La proposition Gertler a suscité des critiques de la part de groupes de la société civile et d’au moins quatre membres du Congrès américain, qui ont averti le mois dernier que la levée des restrictions du Trésor dans le cadre d’un accord qui enrichirait davantage le milliardaire nuirait à la crédibilité du régime de sanctions américain.

« Nous craignons que si les sanctions sont levées, M. Gertler profite massivement de ses avoirs mal acquis au détriment du peuple congolais », ont écrit les membres du Congrès dans une lettre adressée à la secrétaire au Trésor Janet Yellen, rapportée par le New York Times.

Les responsables américains soulignent que Gertler resterait sur la liste des sanctions et que la licence générale lui rétablissant l’accès au système financier américain pourrait être révoquée à tout moment s’il ne respectait pas l’un des termes de l’accord.

Gertler est arrivé au Congo à l’âge de 23 ans en tant que négociant en diamants en 1997 et, grâce à son amitié étroite avec l’ancien président Joseph Kabila, il a acquis un pouvoir et une influence considérables dans le secteur minier du pays.

Gertler affirme qu’il a pris un risque en investissant très tôt au Congo, alors que le pays était encore en pleine guerre civile.
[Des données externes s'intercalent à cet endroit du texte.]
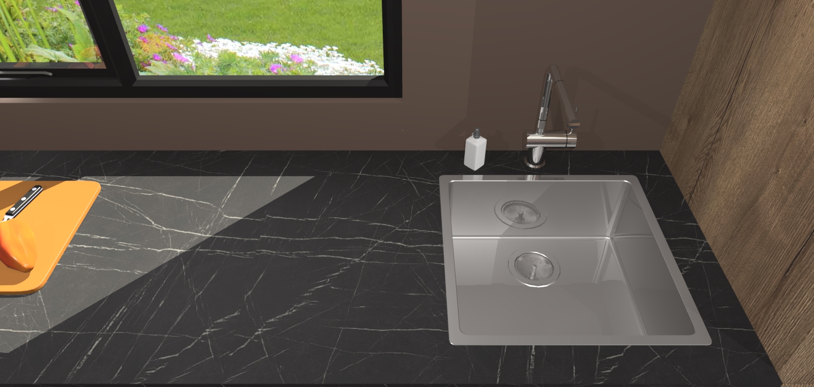 - De spoelbak is nog niet in gevreesd. Dit dient tijdens het werk gedaan te worden

En fin de compte, il a obtenu l’accès à certains des actifs miniers les plus lucratifs du pays et des partenariats avec des sociétés internationales, notamment la société suisse de matières premières Glencore et le groupe minier kazakh ENRC.

Lorsque les États-Unis ont imposé des sanctions à Gertler en 2017, le Trésor a déclaré que les transactions corrompues impliquant ses entreprises avaient coûté à l’État congolais plus de 1,36 milliard de dollars de revenus entre 2010 et 2012 seulement. Gertler a nié à plusieurs reprises toutes les allégations de corruption.

Peu avant d’être placé sous sanctions, Gertler a vendu ses participations dans deux projets miniers de Glencore, Kamoto et Mutanda, mais a conservé des redevances représentant environ 2,5 pour cent des ventes de chaque projet. Il conserve également un flux de redevances similaire sur un troisième projet de cuivre-cobalt, connu sous le nom de Metalkol, contrôlé par Eurasian Resources Group, la société qui a succédé à ENRC.

La valeur actuelle des flux de redevances dépend d’hypothèses concernant la durée de vie de chaque mine, le niveau de production, les prix des métaux et la manière d’actualiser les flux de trésorerie futurs.

Gertler affirmera probablement que la valeur combinée des flux de redevances est supérieure à 300 millions de dollars. Dans un procès contre Glencore en 2018, les sociétés de Gertler ont déclaré que les futures redevances de Kamoto s’élevaient à 2,29 milliards de dollars et celles de Mutanda à 695 millions de dollars.

Les responsables américains estiment que l’année dernière, Gertler a gagné environ 120 millions de dollars grâce aux redevances qu’il a reçues en euros pour éviter les sanctions américaines.

L’accord proposé a été partagé par le gouvernement congolais avec les représentants de Gertler, qui n’ont pas encore répondu. Cependant, les responsables américains sont de plus en plus convaincus que cela se produira, malgré une certaine opposition au sein de l’administration.

Gertler, le Trésor, le département d’État, le gouvernement congolais, Glencore et ERG ont tous refusé de commenter.